Cost of sales, other than depreciation, increased ARS24.8 billion. The only cash cost component which is fully dollarized are the royalties, which are paid to the provinces on wellhead prices, for both oil and natural gas, and they are set in dollars. And these were up by ARS5.2 billion or 46%. The other factors explaining the increase were the lifting cost, which was up by ARS8.4 billion, only 29% which translates into an approximately 20% reduction in dollar terms. Second, the refining cost, which was up by ARS2.5 billion, or 42%, and the transportation expenses, which increased by ARS2.2 billion or 45%.
Depreciation, on the other hand, was up by 68%, or ARS17 billion, fueled by the 60% currency devaluation and the capital expenditures, which have been made in previous periods. Purchases of raw material and other products for sale increased by ARS14.9 billion, mainly as a consequence of higher purchases of biofuels for ARS5.5 billion, which were driven by significantly higher prices in pesos, as they are all dollar denominated. And in the case of ethanol, also by a higher blend.
Imports were down by ARS620 million, or 10%, due to a 38% decrease in volumes of diesel imports, which were partially offset by higher jet fuel volumes, both at higher prices.
SG&A was up by 34% in the year, as a consequence of higher transportation expenses and salary increases. Additionally, in 2015, we had recorded a reversion of other allowance in the natural gas segment, which was not present in this year. Exploration expenses increased by only ARS0.6 billion, due to higher number of unproductive exploratory wells.
During the year, the Company reflected a charge of impairment of property, plant and equipment and intangible assets for a net value of ARS34.9 billion, in comparison with a charge of ARS2.5 billion in 2015. The impairment charges of the third quarter of 2016 have been ARS36.2 billion. So in the fourth quarter, we actually recorded a recovery, a gain of ARS1.2 billion. The rationale for the impairment had to do with a faster convergence of local prices with international prices, combined with a lower and flatter oil price curve for the outer years of the curve. The impairment only affected actually our oil gas generating unit, as all the rest of our asset base, including the gas generating units and the downstream units, clearly passed the ceiling test.
The Upstream business segment suffered a 51% decline in its operating income before impairment charge. Revenues increased by 42%, driven by two factors. First, higher crude oil sales by almost ARS22 billion, or 39%, due to higher prices in pesos 39%, also, with stable volumes, which were all transferred to our Downstream business segment and there was a slight reduction of very small volumes sold to third-parties. And second, higher natural gas revenues of ARS14.4 billion on higher prices in pesos, but also in US dollars, and also a slight decrease in volumes. It is worth mentioning that during 2015, we had accrued ARS2 billion of revenues derived from the $3 a barrel incentive in effect at that time, which -- subsidy was not present this year and therefore, we did not accrue those revenues in 2016 anymore.

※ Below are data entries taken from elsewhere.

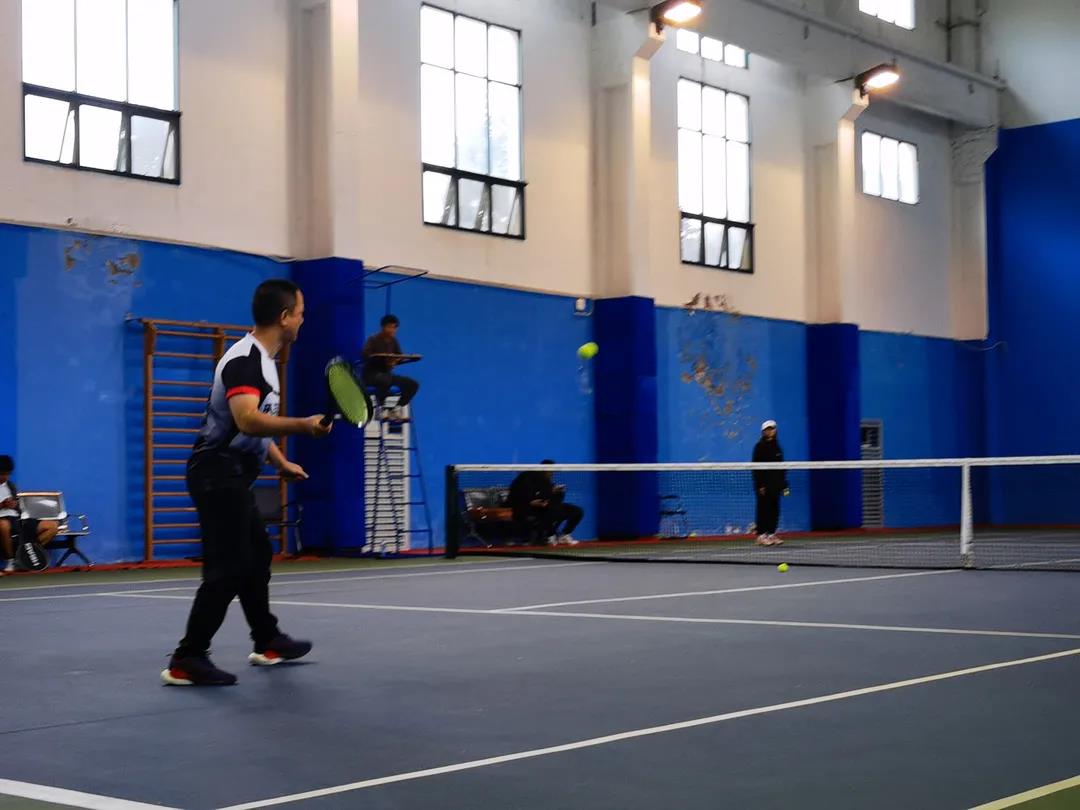 行百里者半九十,取得这样的成绩离不开队员们在平日里的刻苦训练。赛前两个月,为了达到更好的训练效果,适应比赛节奏,网球队每周集开展2-3次集训,每次训练3小时左右,国庆假期内组织参赛师生重点就定点击球、动点击球、对打等内容加强训练;如果遇到下雨天,队员们则坚持在室内做体能训练。“风采在赛场,功夫在平时,在训练当中不能轻易说放弃,不能轻易说不行,只有拼尽全力最后过终点线,才能获得成功”,参赛选手楚云鹏说道。
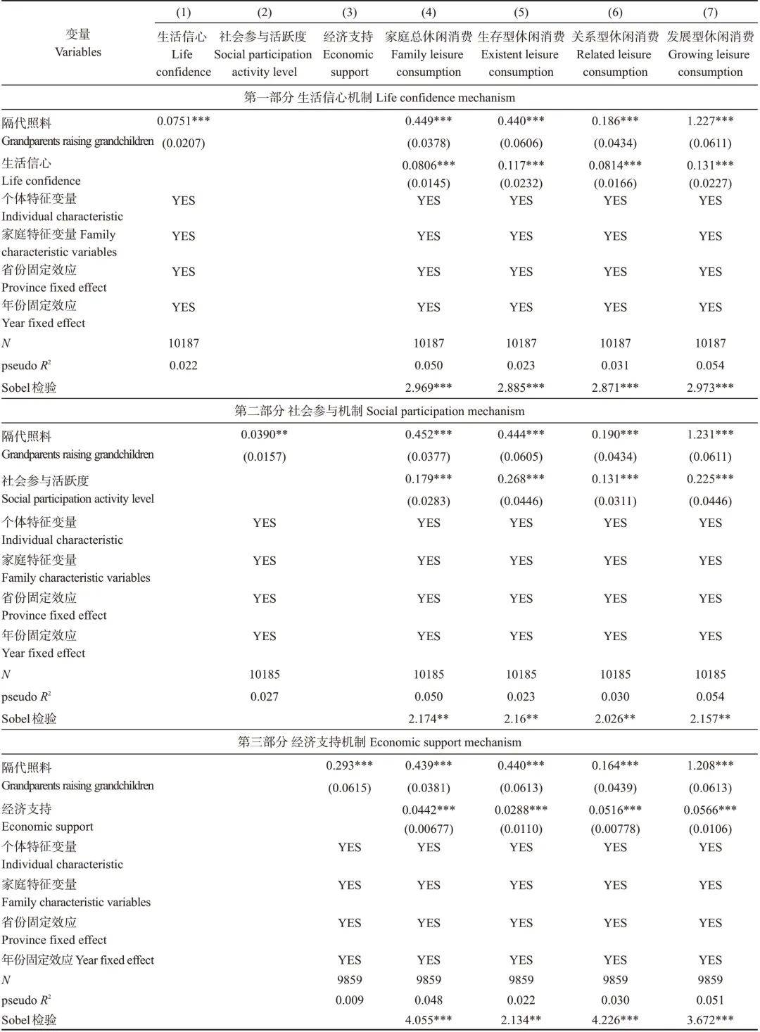 ,以全面权衡老年人的社会参取程度。对变量进行1%的缩尾处置,以消弭极端值对成果的影响,表7中第二部门显示了社会参取机制的查验成果。第(2)列查验了隔代照顾对老年人社会参取的正向影响,第(4)~第(7)列报告请示了社会参取活跃度对各项休闲消费的正向影响。此中,社会参取活跃度每添加1个单元,家庭总休闲消费添加17。9%,并正在1%的统计程度上显著,同时隔代照顾系数有所降低,证了然社会参取的部门中介感化。Sobel查验统计量均正在5%程度上显著为正,进一步验证了社会参取活跃度具有正向中介效应。火伴离世是老年群体正在晚年面对的最主要的休闲束缚之一[45],其意味着老年人原有社交收集的取休闲火伴的,降低了老年人休闲参取的动力和能力。隔代照顾正在必然程度上可以或许缓解这一束缚。通过照顾孙后代,老年人可以或许接触分歧类型的社会群体,修补和更新其日渐萎缩的社交收集,从而获得新的休闲参取火伴和休闲消费消息,提拔其休闲消费程度。3。4。3 经济支撑机制本文拔取后代对老年人的经济支撑做为布局性束缚假设的代办署理变量。按照受访者对CHARLS问卷中“过去一年,正在后代不和您住正在一路时,您或您的配头从后代那里收到过几多经济支撑”的回覆,建立老年人经济支撑变量,并取对数?。
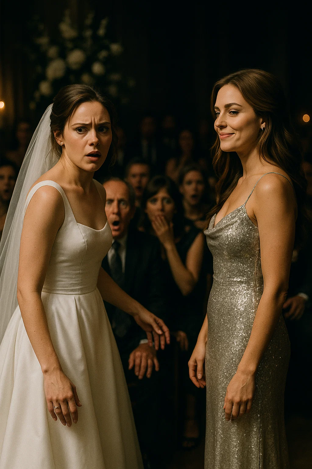 Gasps rippled through the crowd. My stomach plummeted. My father’s mouth fell open. My mother half-rose, as though she could physically stop her. I wanted to scream, but my voice lodged in my throat. Lily’s silver dress glittered under the chandelier as she cleared her throat. “I just want to say something,” she began, her voice steady, clear, rehearsed. My knees trembled.
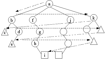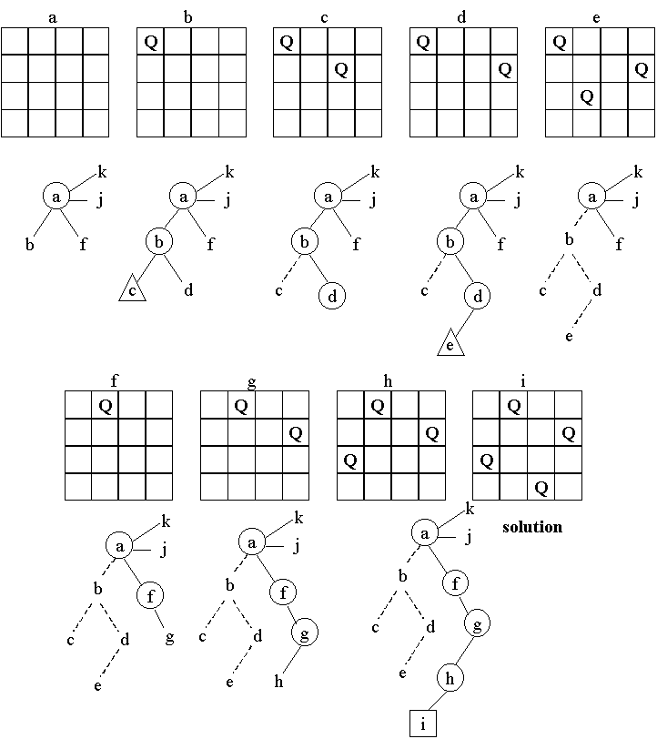Figure 3 shows the depth-first search tree for a 4-queens problem. Circled nodes are CLOSED, and nodes in a triangle are dead-ends. The successor function generates, in the i-th level, the board positions available for locating the queen in the i-th row.
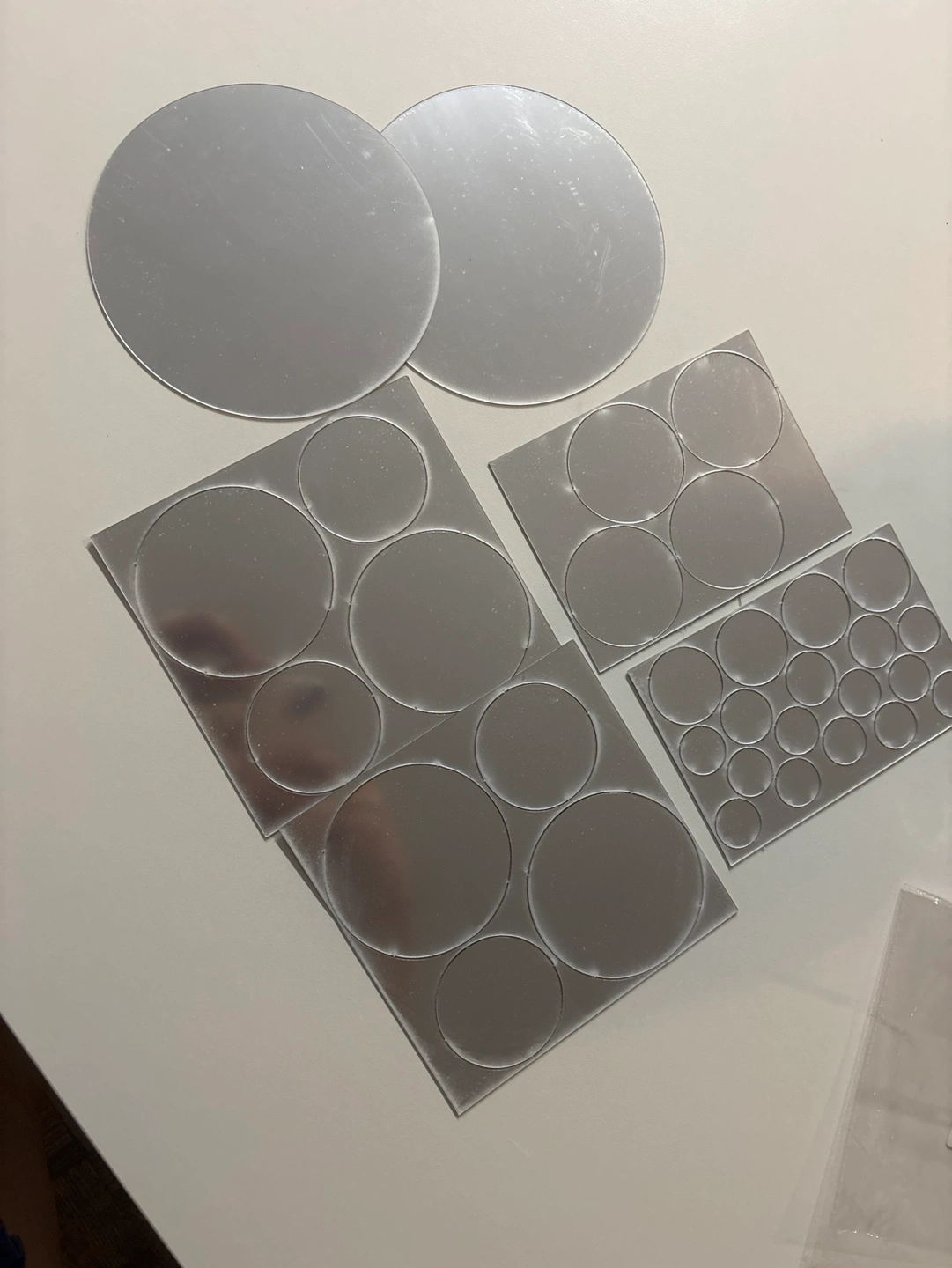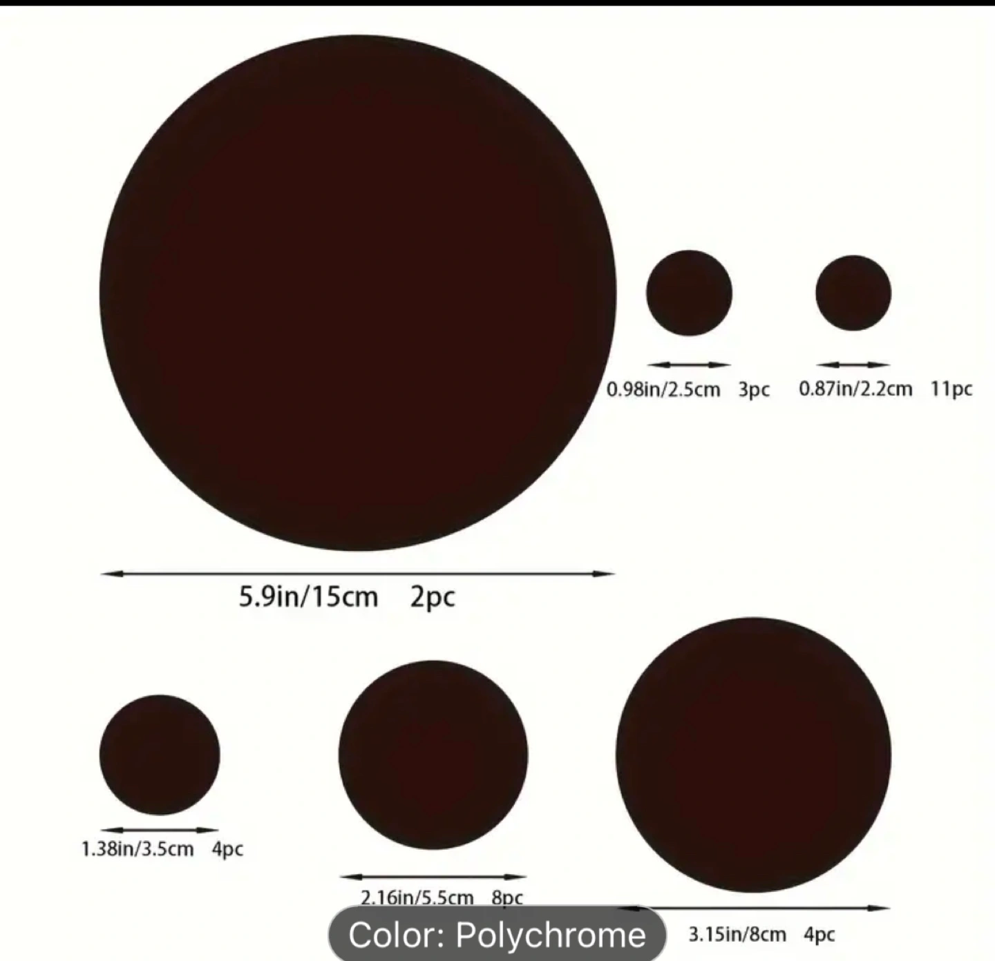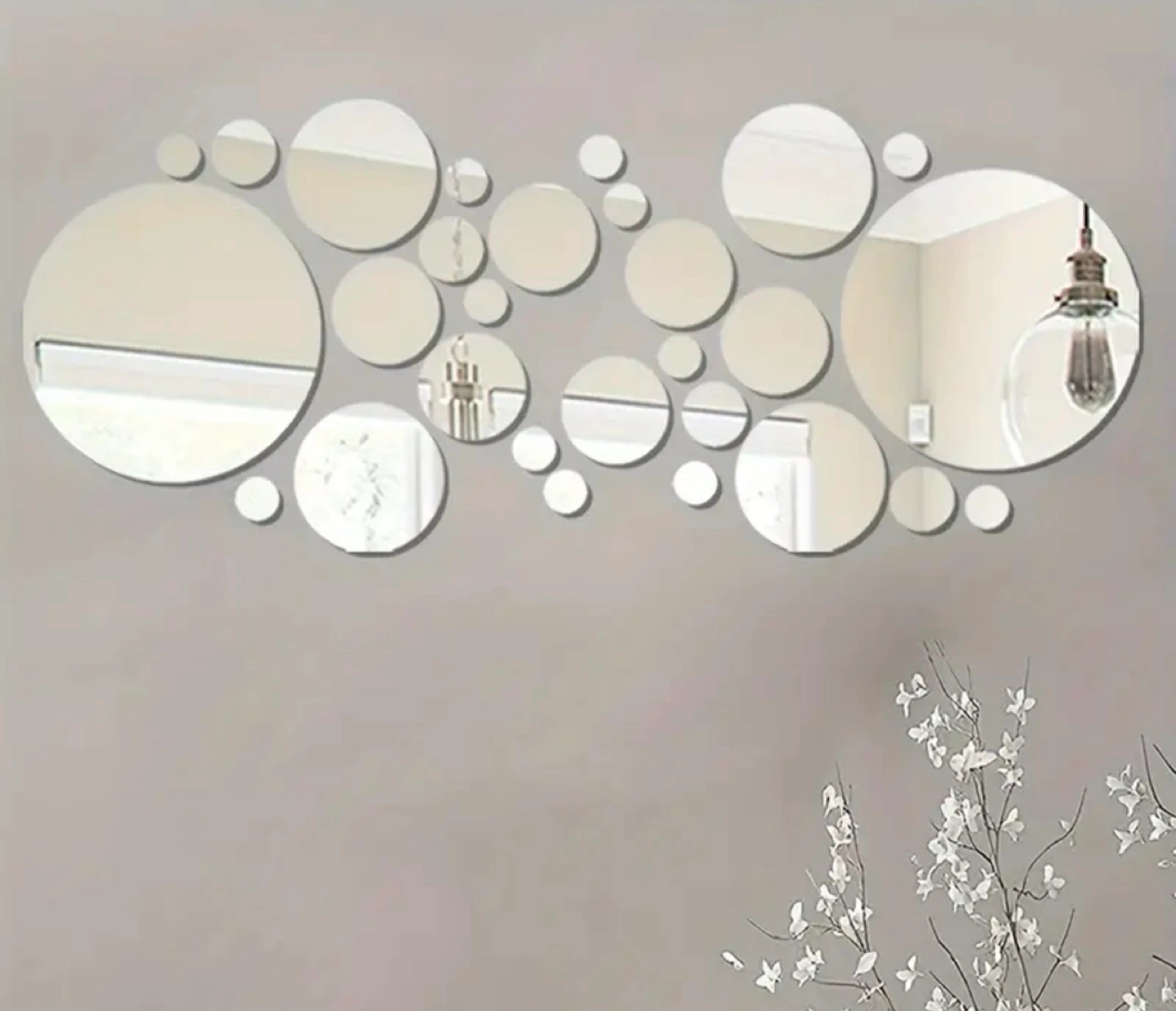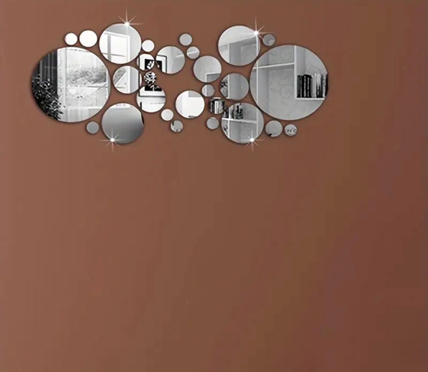 Decorative wall decals. Multiple sizes and quantities of round mirror stickers. Easy peel and stick application. Great for home décor. Polychrome colour.
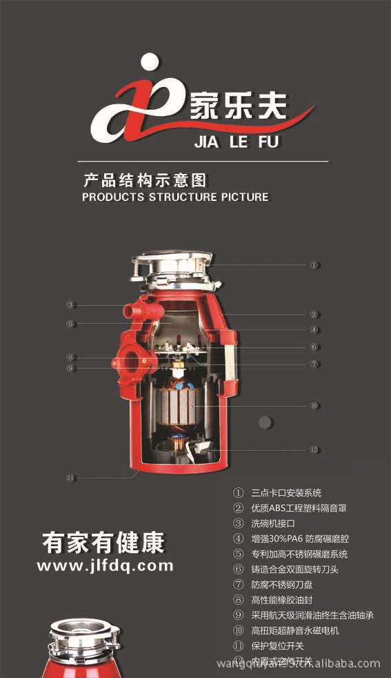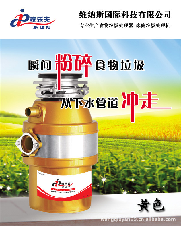 一种新型环保厨房电器,主要用于食物垃圾的粉碎处理,安装于厨房洗菜盆的排水口处,通过小型直流或交流电机驱动二级研磨或三级研磨刀盘,利用离心力将粉碎腔内的食物垃圾进行多次粉碎后排入下水道。产品只可以粉碎残羹剩饭、肉鱼骨刺、蔬菜梗叶、瓜皮果壳、蛋壳、茶叶渣、小块玉米棒芯、禽畜小骨等有机垃圾。
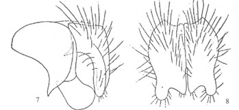 形态特征 ♂ 体长5.5毫米。额宽微宽于后单眼外缘间距,间额宽为一侧额宽的2倍,下眶鬃5—6个,间额鬃小毛状,侧颜宽为触角第三节宽的倍,颊高为侧颜宽的
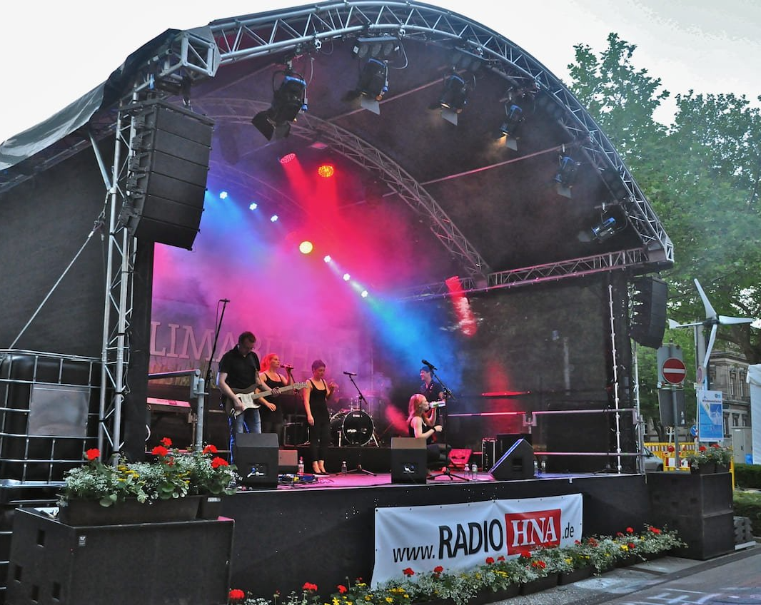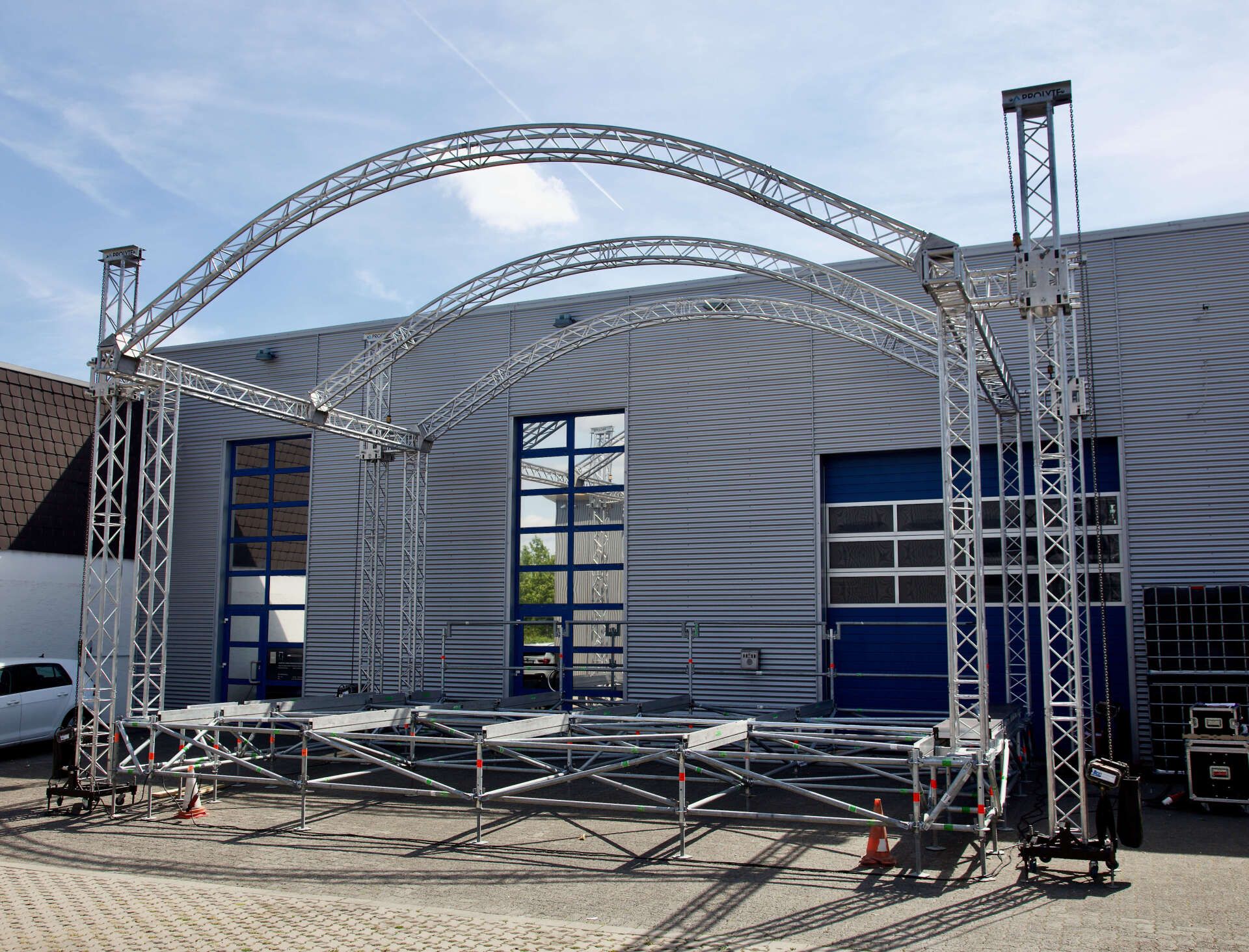 Ob Indoor-Event oder Open Air Bühne, wir sorgen für einen sicheren Untergrund und eine wetterfeste Überdachung. Von der 6m x 4m Prolyte ARC-Stage Rundbogenbühne bis zur Camco CA 8 Bühne mit bis zu 18m Breite. Individuell geplant, natürlich auch mit Baubuch.

The average realization price in dollar terms for crude oil decreased to $58.9 per barrel and for natural gas, the average price was $4.76 per million Btu, which was 5.8% higher than in the previous year. On the cost side, these were up by ARS35 billion, or 52%, compared with 2015, mainly due to, first, higher depreciation of ARS15 billion as explained before. Second, ARS8.4 billion increase in items related to lifting costs, which are included in the graph under the production costs. Third, ARS5.2 billion on higher royalties, because of higher prices in pesos, and lastly, higher exploration expenses, as I explained before.
Lifting cost on a per barrel equivalent basis was down 19.7% in the year to $12 per barrel of oil equivalent. And total cash cost per BOE reached $20.7, including royalties and other taxes of approximately $6 per BOE.
The Downstream segment reported an operating income of ARS3.1 billion, which was 55% below the operating profit of the previous year. Revenues were up by almost ARS38 billion or 30%. That ARS38 billion increase in revenues was already explained a few slides ago, so I will not get into that detail again. The increase in purchases, we highlight the following. First, greater crude oil purchases of ARS23.8 billion on [fair] prices, but stable volumes for Upstream segment, and then 11% reduction of volumes purchased from third-parties. Second, the higher purchase of biofuels of ARS5.5 billion with higher prices for both biodiesel and bioethanol, of 76% and 46%, respectively. Bioethanol volumes, on the other hand, increased by 11%, due to increase in the blend. And biodiesel volumes showed a very slight increase of 1.4%, although there was no change in blend at all. And finally, lower fuel imports by a net amount of ARS620 million.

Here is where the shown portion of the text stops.